Leave out the pictures and repeat every record exactly.
==== RECORD SET
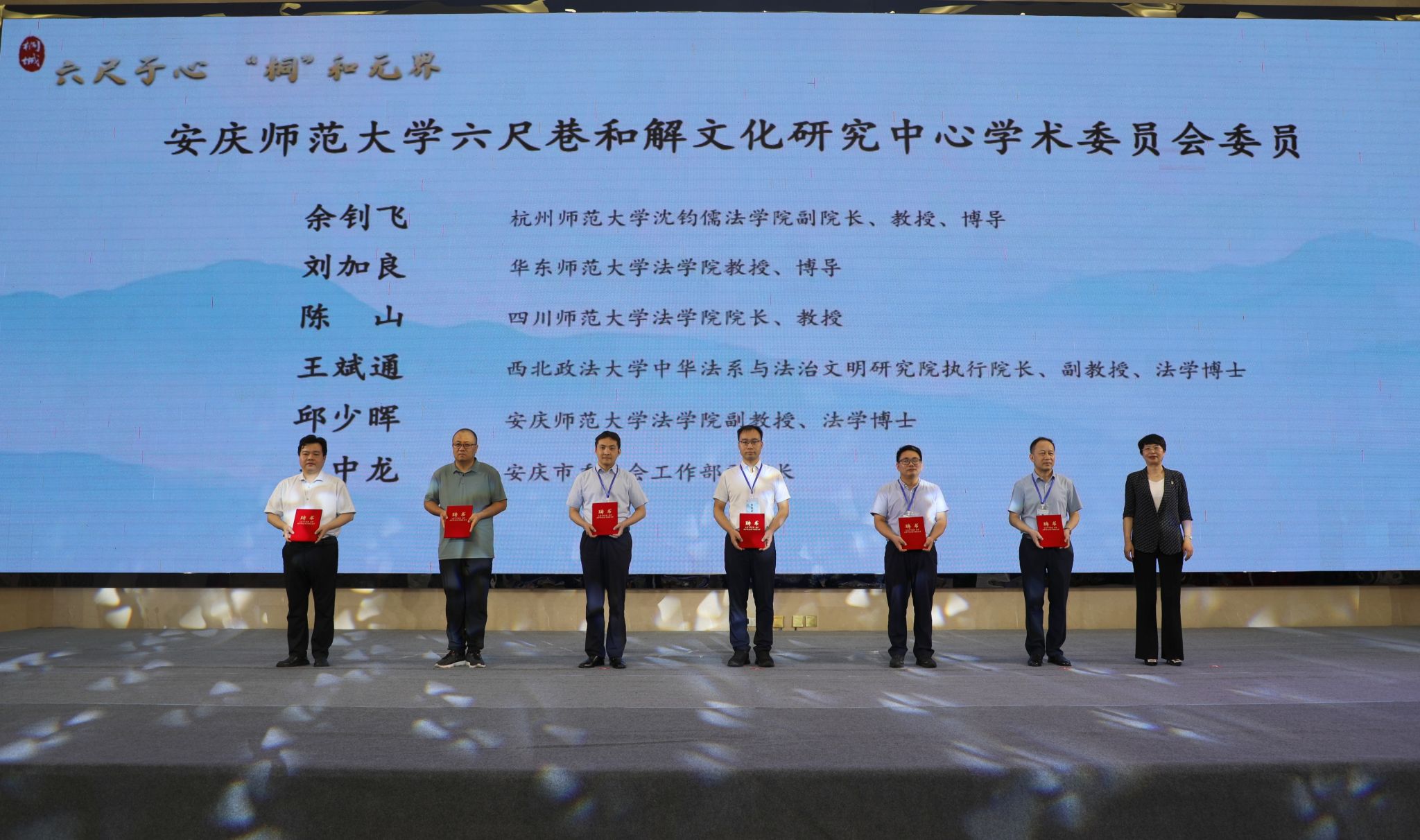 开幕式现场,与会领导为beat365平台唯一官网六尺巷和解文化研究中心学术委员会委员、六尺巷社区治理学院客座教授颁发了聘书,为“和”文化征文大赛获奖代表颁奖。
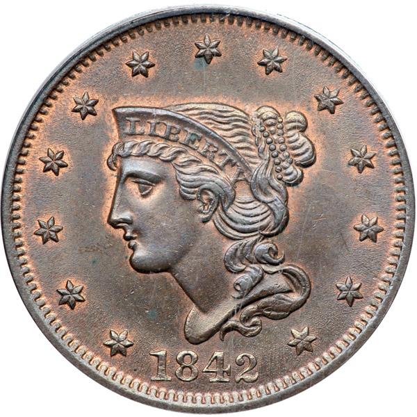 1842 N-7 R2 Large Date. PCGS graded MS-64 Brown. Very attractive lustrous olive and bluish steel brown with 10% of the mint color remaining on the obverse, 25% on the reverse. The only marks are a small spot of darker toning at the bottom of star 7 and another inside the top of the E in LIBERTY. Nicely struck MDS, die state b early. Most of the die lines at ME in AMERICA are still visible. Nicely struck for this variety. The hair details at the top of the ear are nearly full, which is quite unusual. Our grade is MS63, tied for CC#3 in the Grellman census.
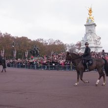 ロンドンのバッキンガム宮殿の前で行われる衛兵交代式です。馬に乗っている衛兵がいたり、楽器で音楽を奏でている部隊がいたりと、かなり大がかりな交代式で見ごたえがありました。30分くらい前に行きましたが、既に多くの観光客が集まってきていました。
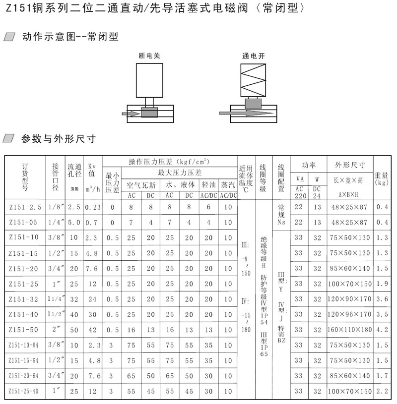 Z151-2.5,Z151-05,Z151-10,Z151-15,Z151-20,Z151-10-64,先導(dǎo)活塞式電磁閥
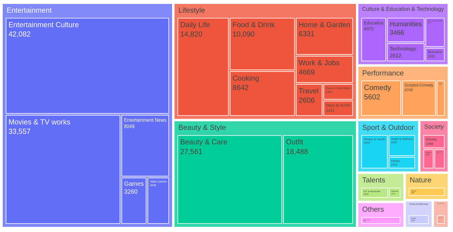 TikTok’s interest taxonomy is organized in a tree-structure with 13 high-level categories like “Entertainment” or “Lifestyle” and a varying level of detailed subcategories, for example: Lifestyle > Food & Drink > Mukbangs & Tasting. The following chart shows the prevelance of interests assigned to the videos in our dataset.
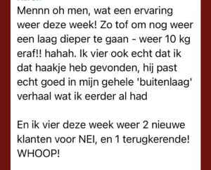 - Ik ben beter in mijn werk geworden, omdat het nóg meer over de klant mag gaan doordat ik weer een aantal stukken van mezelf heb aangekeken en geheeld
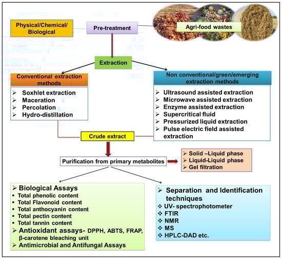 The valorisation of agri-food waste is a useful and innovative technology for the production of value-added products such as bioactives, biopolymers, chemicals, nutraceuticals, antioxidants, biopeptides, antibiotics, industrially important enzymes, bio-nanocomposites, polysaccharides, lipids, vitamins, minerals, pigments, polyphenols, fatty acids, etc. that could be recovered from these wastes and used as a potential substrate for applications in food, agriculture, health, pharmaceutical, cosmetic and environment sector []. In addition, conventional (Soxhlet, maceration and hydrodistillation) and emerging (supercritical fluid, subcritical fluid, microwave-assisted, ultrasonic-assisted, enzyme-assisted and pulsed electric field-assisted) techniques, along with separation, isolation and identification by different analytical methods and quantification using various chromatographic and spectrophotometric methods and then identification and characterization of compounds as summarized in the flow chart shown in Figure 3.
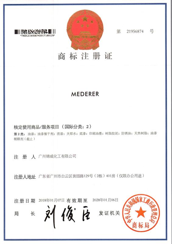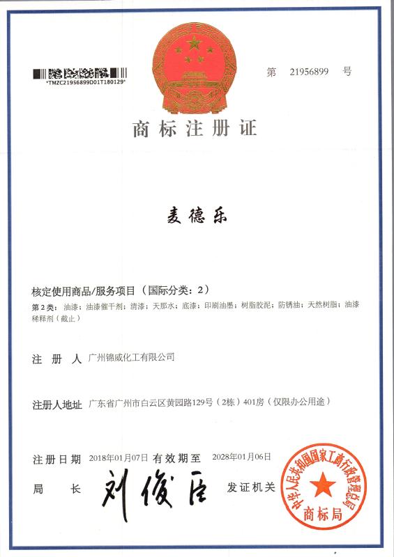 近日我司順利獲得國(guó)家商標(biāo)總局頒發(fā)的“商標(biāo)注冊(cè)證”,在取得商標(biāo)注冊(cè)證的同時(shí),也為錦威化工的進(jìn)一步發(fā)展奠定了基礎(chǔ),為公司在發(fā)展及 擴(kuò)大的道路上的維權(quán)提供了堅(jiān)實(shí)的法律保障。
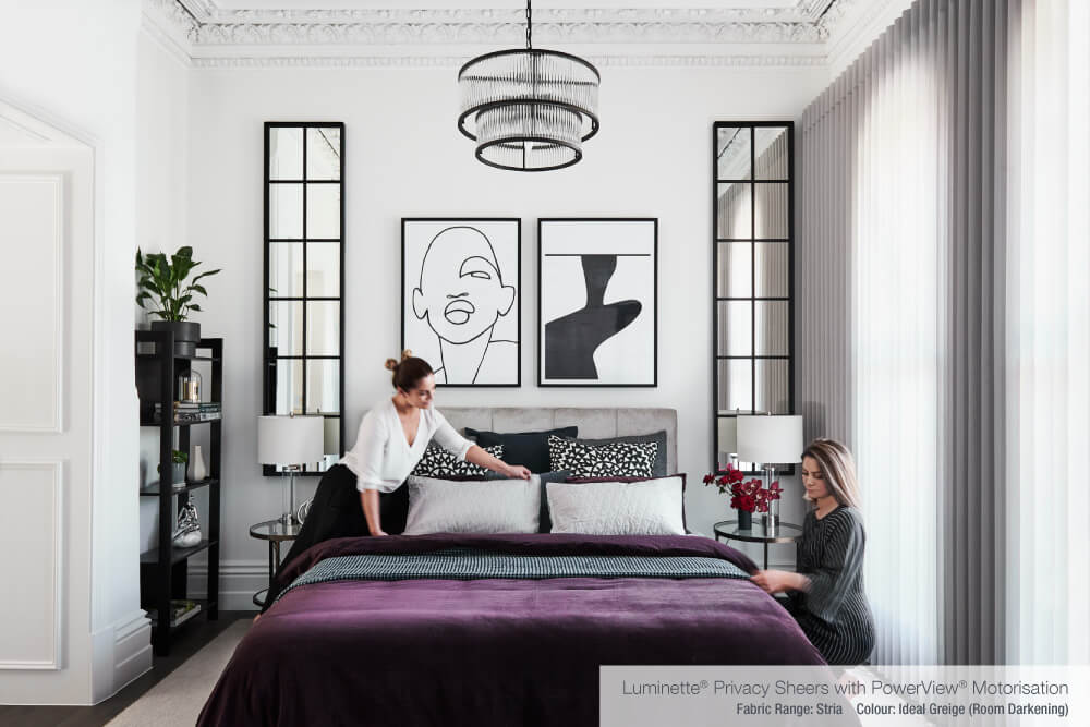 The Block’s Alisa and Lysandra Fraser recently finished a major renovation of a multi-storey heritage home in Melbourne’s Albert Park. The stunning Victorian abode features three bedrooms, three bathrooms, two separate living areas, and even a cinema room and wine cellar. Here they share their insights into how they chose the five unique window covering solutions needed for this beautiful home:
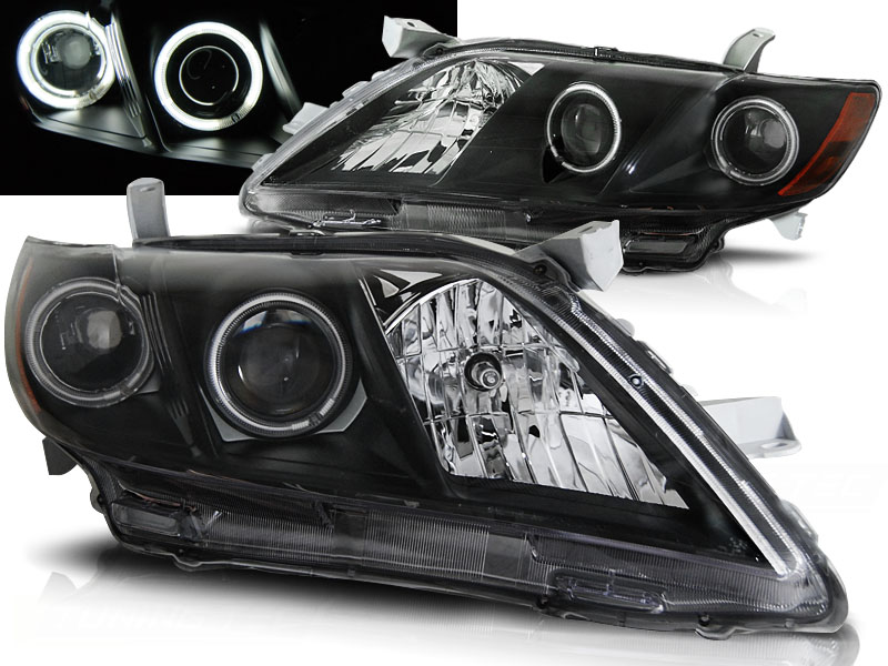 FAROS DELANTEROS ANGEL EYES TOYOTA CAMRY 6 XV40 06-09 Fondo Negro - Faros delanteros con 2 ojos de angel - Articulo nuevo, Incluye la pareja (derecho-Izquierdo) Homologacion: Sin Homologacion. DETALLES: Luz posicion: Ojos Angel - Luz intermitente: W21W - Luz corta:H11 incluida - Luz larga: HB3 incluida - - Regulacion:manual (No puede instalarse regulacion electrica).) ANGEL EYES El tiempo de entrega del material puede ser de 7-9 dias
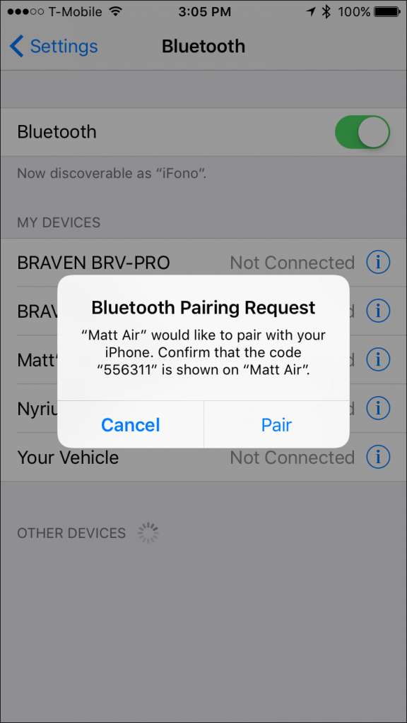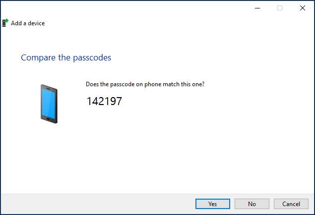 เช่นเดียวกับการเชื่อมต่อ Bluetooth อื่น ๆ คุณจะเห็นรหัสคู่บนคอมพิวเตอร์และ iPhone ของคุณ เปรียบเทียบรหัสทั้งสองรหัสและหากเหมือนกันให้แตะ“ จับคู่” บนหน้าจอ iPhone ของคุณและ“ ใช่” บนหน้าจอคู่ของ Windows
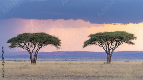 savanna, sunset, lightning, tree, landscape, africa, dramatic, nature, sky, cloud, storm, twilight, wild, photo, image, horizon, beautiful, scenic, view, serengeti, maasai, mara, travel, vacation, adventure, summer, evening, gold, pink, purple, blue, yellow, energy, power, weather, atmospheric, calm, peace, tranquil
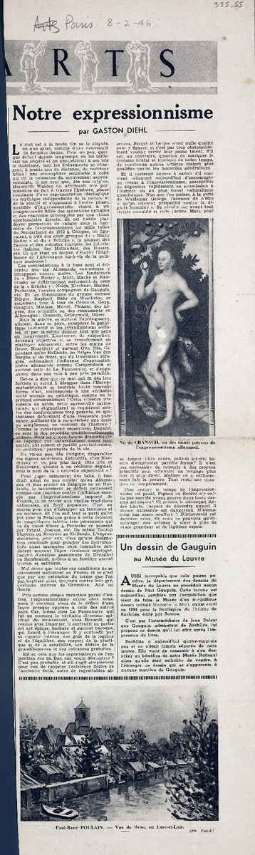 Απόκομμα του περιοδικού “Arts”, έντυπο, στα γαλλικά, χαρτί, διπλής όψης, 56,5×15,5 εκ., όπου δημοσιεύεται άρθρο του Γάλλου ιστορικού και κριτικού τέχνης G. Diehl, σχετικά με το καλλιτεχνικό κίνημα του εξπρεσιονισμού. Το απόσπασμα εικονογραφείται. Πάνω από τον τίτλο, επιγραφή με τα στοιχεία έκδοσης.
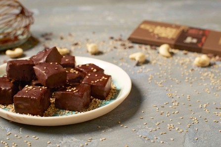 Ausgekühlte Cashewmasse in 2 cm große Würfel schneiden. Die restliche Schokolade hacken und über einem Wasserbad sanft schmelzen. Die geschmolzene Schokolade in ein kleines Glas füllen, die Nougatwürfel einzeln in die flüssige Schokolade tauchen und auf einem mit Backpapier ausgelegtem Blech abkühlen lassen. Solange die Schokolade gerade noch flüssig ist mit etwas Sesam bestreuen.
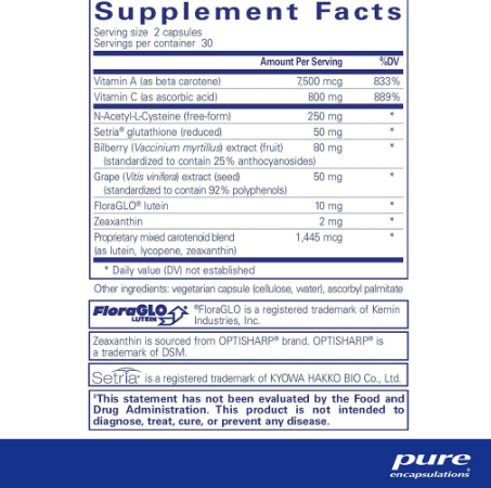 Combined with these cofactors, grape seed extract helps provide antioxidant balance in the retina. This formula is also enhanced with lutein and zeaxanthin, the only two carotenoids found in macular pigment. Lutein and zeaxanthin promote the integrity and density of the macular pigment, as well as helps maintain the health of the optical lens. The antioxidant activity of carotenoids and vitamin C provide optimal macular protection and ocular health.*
========
● OUTPUT OF THE TASK:
 开幕式现场,与会领导为beat365平台唯一官网六尺巷和解文化研究中心学术委员会委员、六尺巷社区治理学院客座教授颁发了聘书,为“和”文化征文大赛获奖代表颁奖。
 1842 N-7 R2 Large Date. PCGS graded MS-64 Brown. Very attractive lustrous olive and bluish steel brown with 10% of the mint color remaining on the obverse, 25% on the reverse. The only marks are a small spot of darker toning at the bottom of star 7 and another inside the top of the E in LIBERTY. Nicely struck MDS, die state b early. Most of the die lines at ME in AMERICA are still visible. Nicely struck for this variety. The hair details at the top of the ear are nearly full, which is quite unusual. Our grade is MS63, tied for CC#3 in the Grellman census.
 ロンドンのバッキンガム宮殿の前で行われる衛兵交代式です。馬に乗っている衛兵がいたり、楽器で音楽を奏でている部隊がいたりと、かなり大がかりな交代式で見ごたえがありました。30分くらい前に行きましたが、既に多くの観光客が集まってきていました。
 Z151-2.5,Z151-05,Z151-10,Z151-15,Z151-20,Z151-10-64,先導(dǎo)活塞式電磁閥
 TikTok’s interest taxonomy is organized in a tree-structure with 13 high-level categories like “Entertainment” or “Lifestyle” and a varying level of detailed subcategories, for example: Lifestyle > Food & Drink > Mukbangs & Tasting. The following chart shows the prevelance of interests assigned to the videos in our dataset.
 - Ik ben beter in mijn werk geworden, omdat het nóg meer over de klant mag gaan doordat ik weer een aantal stukken van mezelf heb aangekeken en geheeld
 The valorisation of agri-food waste is a useful and innovative technology for the production of value-added products such as bioactives, biopolymers, chemicals, nutraceuticals, antioxidants, biopeptides, antibiotics, industrially important enzymes, bio-nanocomposites, polysaccharides, lipids, vitamins, minerals, pigments, polyphenols, fatty acids, etc. that could be recovered from these wastes and used as a potential substrate for applications in food, agriculture, health, pharmaceutical, cosmetic and environment sector []. In addition, conventional (Soxhlet, maceration and hydrodistillation) and emerging (supercritical fluid, subcritical fluid, microwave-assisted, ultrasonic-assisted, enzyme-assisted and pulsed electric field-assisted) techniques, along with separation, isolation and identification by different analytical methods and quantification using various chromatographic and spectrophotometric methods and then identification and characterization of compounds as summarized in the flow chart shown in Figure 3.
 近日我司順利獲得國(guó)家商標(biāo)總局頒發(fā)的“商標(biāo)注冊(cè)證”,在取得商標(biāo)注冊(cè)證的同時(shí),也為錦威化工的進(jìn)一步發(fā)展奠定了基礎(chǔ),為公司在發(fā)展及 擴(kuò)大的道路上的維權(quán)提供了堅(jiān)實(shí)的法律保障。
 The Block’s Alisa and Lysandra Fraser recently finished a major renovation of a multi-storey heritage home in Melbourne’s Albert Park. The stunning Victorian abode features three bedrooms, three bathrooms, two separate living areas, and even a cinema room and wine cellar. Here they share their insights into how they chose the five unique window covering solutions needed for this beautiful home:
 FAROS DELANTEROS ANGEL EYES TOYOTA CAMRY 6 XV40 06-09 Fondo Negro - Faros delanteros con 2 ojos de angel - Articulo nuevo, Incluye la pareja (derecho-Izquierdo) Homologacion: Sin Homologacion. DETALLES: Luz posicion: Ojos Angel - Luz intermitente: W21W - Luz corta:H11 incluida - Luz larga: HB3 incluida - - Regulacion:manual (No puede instalarse regulacion electrica).) ANGEL EYES El tiempo de entrega del material puede ser de 7-9 dias
 เช่นเดียวกับการเชื่อมต่อ Bluetooth อื่น ๆ คุณจะเห็นรหัสคู่บนคอมพิวเตอร์และ iPhone ของคุณ เปรียบเทียบรหัสทั้งสองรหัสและหากเหมือนกันให้แตะ“ จับคู่” บนหน้าจอ iPhone ของคุณและ“ ใช่” บนหน้าจอคู่ของ Windows
 savanna, sunset, lightning, tree, landscape, africa, dramatic, nature, sky, cloud, storm, twilight, wild, photo, image, horizon, beautiful, scenic, view, serengeti, maasai, mara, travel, vacation, adventure, summer, evening, gold, pink, purple, blue, yellow, energy, power, weather, atmospheric, calm, peace, tranquil
 Απόκομμα του περιοδικού “Arts”, έντυπο, στα γαλλικά, χαρτί, διπλής όψης, 56,5×15,5 εκ., όπου δημοσιεύεται άρθρο του Γάλλου ιστορικού και κριτικού τέχνης G. Diehl, σχετικά με το καλλιτεχνικό κίνημα του εξπρεσιονισμού. Το απόσπασμα εικονογραφείται. Πάνω από τον τίτλο, επιγραφή με τα στοιχεία έκδοσης.
 Ausgekühlte Cashewmasse in 2 cm große Würfel schneiden. Die restliche Schokolade hacken und über einem Wasserbad sanft schmelzen. Die geschmolzene Schokolade in ein kleines Glas füllen, die Nougatwürfel einzeln in die flüssige Schokolade tauchen und auf einem mit Backpapier ausgelegtem Blech abkühlen lassen. Solange die Schokolade gerade noch flüssig ist mit etwas Sesam bestreuen.
 Combined with these cofactors, grape seed extract helps provide antioxidant balance in the retina. This formula is also enhanced with lutein and zeaxanthin, the only two carotenoids found in macular pigment. Lutein and zeaxanthin promote the integrity and density of the macular pigment, as well as helps maintain the health of the optical lens. The antioxidant activity of carotenoids and vitamin C provide optimal macular protection and ocular health.*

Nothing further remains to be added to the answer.